Asia Society and The New York Review of Books co-host the launch of a new book by former Financial Times correspondent Richard McGregor: Asia’s Reckoning: China, Japan, and the Fate of U.S. Power in the Pacific Century. McGregor, who spent many years covering Japan and China for major newspapers, explores the long-smoldering enmity between the two great East Asian rivals and the way its resurgence threatens not only America’s position in the Pacific but also the global economy. Drawing on both deep archival research and interviews with major diplomatic players, McGregor reveals both the architecture that has held the region together in the postwar era and the forces that threaten to tear it apart.
Asia Society has generously reserved 15 free seats for YPFP members for this event ($12 value). Members may log into their accounts and RSVP below to be added to the list.
Richard McGregor is a journalist and author who has reported extensively on East Asia. McGregor has served as Washington and Beijing bureau chief for the Financial Times and was a 2015 fellow at the Woodrow Wilson International Center for Scholars. His previous book, The Party: The Secret World of China’s Communist Rulers, won numerous awards, including Asia Society’s Bernard Schwartz Book Award and Mainishi Shimbun's Best on Asia in the 23rd Asian-Pacific Awards.

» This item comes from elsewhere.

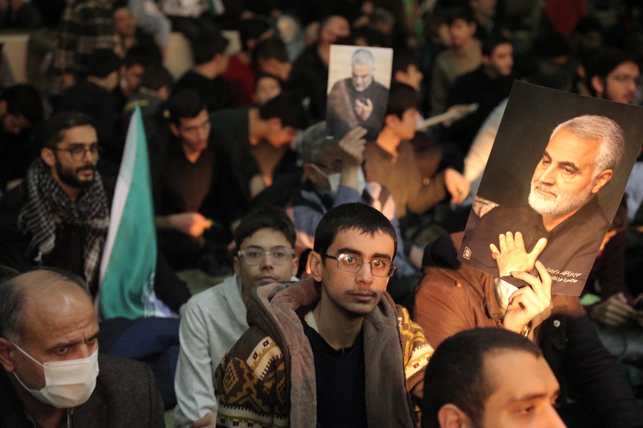 People attend a ceremony marking the 3rd anniversary of former Iranian commander Qassem Soleimani's assassination in Tehran, Iran, on Jan. 3, 2023. (Xinhua/Gao Wencheng)

Ian Buruma, a writer, academic, and historian, is the Editor of The New York Review of Books. Buruma spent much of his early writing career reporting in Asia. He has written about politics and culture for a variety of publications, including The New York Review of Books, The New Yorker, The New York Times, Corriere della Sera, The Financial Times, and The Guardian. He is the author of more than two dozen books, including The Wages of Guilt: Memories of War in Japan and Germany, Inventing Japan: 1853-1964, and Taming the Gods: Religion and Democracy on Three Continents.
Susan Shirk is Chair of the 21st Century China Center and Research Professor at the University of California, San Diego School of Global Policy and Strategy. She served as Deputy Assistant Secretary of State (1997-2000), where she was responsible for U.S. policy toward China, Taiwan, Hong Kong, and Mongolia. She founded and continues to lead the Northeast Asia Cooperation Dialogue, an unofficial forum for discussions of security issues. Her books include China: Fragile Superpower and Changing Media, Changing China.
Orville Schell is the Arthur Ross Director of the Center on U.S.-China Relations at Asia Society. He is a former professor and dean at the University of California, Berkeley Graduate School of Journalism. Schell is the author of 15 books, ten of them about China, and a contributor to numerous edited volumes, including The New Yorker, The Atlantic, The New York Times, The Nation, and The New York Review of Books. His most recent book, with John Delury, is Wealth and Power: China’s Long March to the 21st Century (Random House, 2013). Schell worked for the Ford Foundation in Indonesia, covered the war in Indochina as a journalist, and has traveled widely in China since the mid-70s. Schell is the recipient of many prizes and fellowships, including a Guggenheim Fellowship, the Overseas Press Club Award, and the Harvard-Stanford Shorenstein Prize in Asian Journalism.